Psychotherapist Liliia Skuibida

Psychotherapist Liliia Skuibida

We live in conditions of war, where external reality drains a huge amount of strength every day. Is it worth continuing therapy "through force" in order not to lose momentum, or on the contrary—is it important to allow yourself to stop? What to do if therapy feels like an additional burden?

Yes, unfortunately, war has been our reality for 4 years now. We live in a state of constant tension, anxiety, uncertainty; we encounter horrors, losses, direct threats to life. The nervous system works at high speed, fails to recover fully, and becomes exhausted. In such a state, physical and mental strength may only be enough for the necessary minimum of functioning, and psychotherapy may begin to be perceived as an additional burden.

Then the question arises: "Continue therapy through force or allow yourself to stop?"

And it might seem that there is an unequivocally correct answer to it. But no, for every client, in every unique situation of life and therapy, there will be a right decision of its own.

Let's try to figure out how to find it.

To begin with, what you definitely should not do:

  • disappear without a conversation, abruptly cut off contact, not giving yourself the opportunity to complete the relationship and your processes in it,
  • endure without voicing your state, or pretend that you are fine and nothing has changed.

And what is worth doing? It is worth exploring both poles. Understand what stands behind the drive to continue therapy through force? And what emotions and thoughts arise from the idea of stopping?
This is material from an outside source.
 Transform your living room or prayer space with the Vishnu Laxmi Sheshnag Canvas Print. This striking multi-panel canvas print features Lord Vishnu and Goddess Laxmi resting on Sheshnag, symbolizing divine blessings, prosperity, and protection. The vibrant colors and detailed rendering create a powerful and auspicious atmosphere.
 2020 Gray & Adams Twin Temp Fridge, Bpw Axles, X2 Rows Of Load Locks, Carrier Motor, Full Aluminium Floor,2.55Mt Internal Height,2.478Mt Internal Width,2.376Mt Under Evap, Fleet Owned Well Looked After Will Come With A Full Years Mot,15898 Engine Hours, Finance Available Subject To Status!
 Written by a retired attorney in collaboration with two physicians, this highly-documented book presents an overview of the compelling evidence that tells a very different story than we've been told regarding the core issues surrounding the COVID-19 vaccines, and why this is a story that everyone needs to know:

Because actually, what matters is not what you eventually decide, but that you make your choice while realizing your true needs and motives, fears and prejudices.
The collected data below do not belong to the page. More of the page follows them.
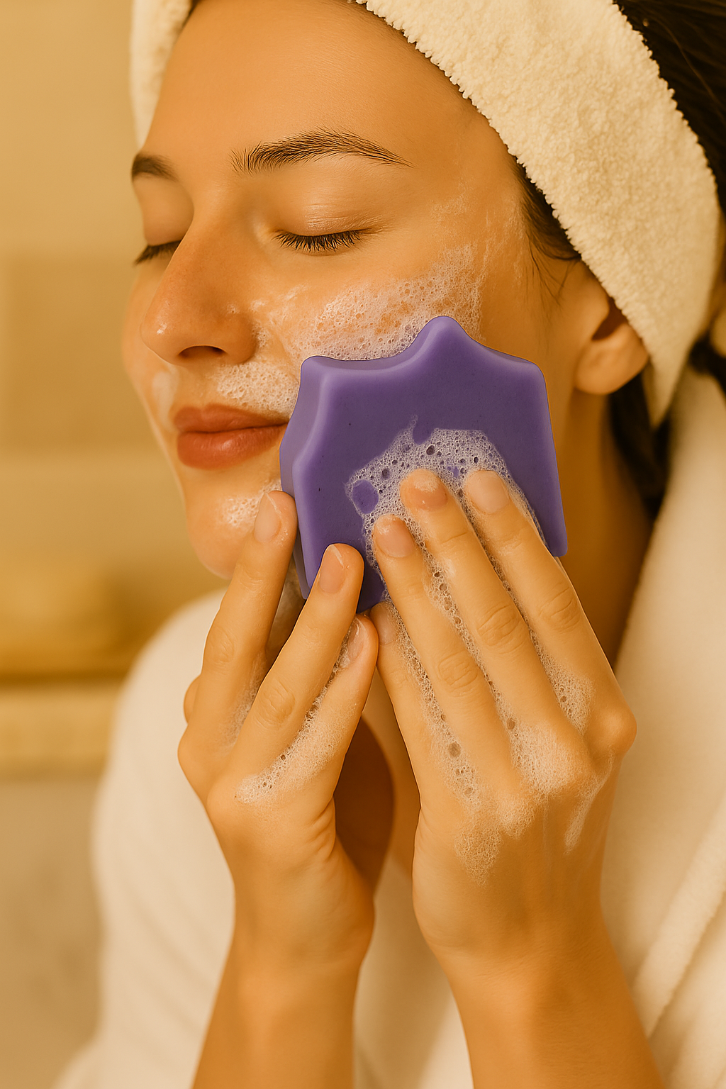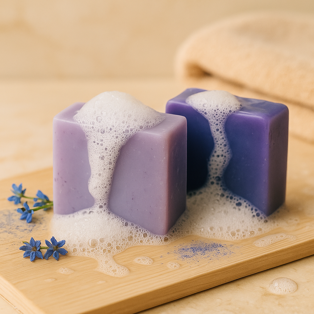 Un jabón en tonos violetas obtenidos de la flor de orquídea que ofrece limpieza suave y buena tolerancia en pieles sensibles o secas.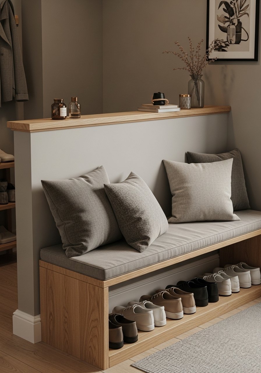 I built a half-height divider using a short bookshelf and a cushioned bench on the entry side. The shelf top is perfect for mail trays and a small lamp. It reads like a mudroom without blocking light. Styling tip: keep bench cushion in neutral linen and use one bold pillow for contrast. Avoid using low-quality bench fabric that stains easily—pick washable covers.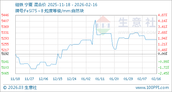 2月16日,生意社硅鐵基準(zhǔn)價(jià)為5287.14元/噸,與本月初(5324.29元/噸)相比,下降了0.7%。

And the best way to do this is to bring it to a therapeutic session and explore your state, desires, and beliefs with the support of the therapist.

So what can you do if you are faced with such a dilemma?

Tell your therapist about it just as you feel it:

  • about your fatigue and lack of strength for processing complex processes,
  • about the unwillingness to come to sessions,
  • about the fear of taking a pause and losing the relationship with the therapist or everything worked on until now,
  • about guilt, shame, confusion, and other feelings that arise when making this decision, etc.

Review the therapy format and contract terms together:

  • reduce the frequency of sessions,
  • change the focus of therapy to support, containment, stabilization, resourcing, mastering relaxation and self-regulation techniques,
  • temporarily switch to a mode of supportive consultation meetings when the need arises,
  • take a deliberate pause for a clearly defined term and observe how the state will change without therapy, so that upon its completion you can make a balanced decision.

In the conditions of war, we live at the limit of our capabilities. And a mature position is to be sensitive to yourself and the situation, to care about your state, and to reduce excessive load where possible.

If therapy begins to tire you and requires excessive effort, you can:

  • stay in the process along with your fatigue and lack of resources,
  • change the process in such a way that it corresponds to your current needs,
  • put therapy on a discussed and determined pause,
  • complete the process at the point where you are now,
  • return to therapy when you feel the desire and strength.

None of these options is "right" or "wrong." Only your state, your resources, needs, and your conscious choice matter.

And if you have a therapeutic space where these questions can be sincerely and openly discussed and explored—that is already an additional resource in this difficult time.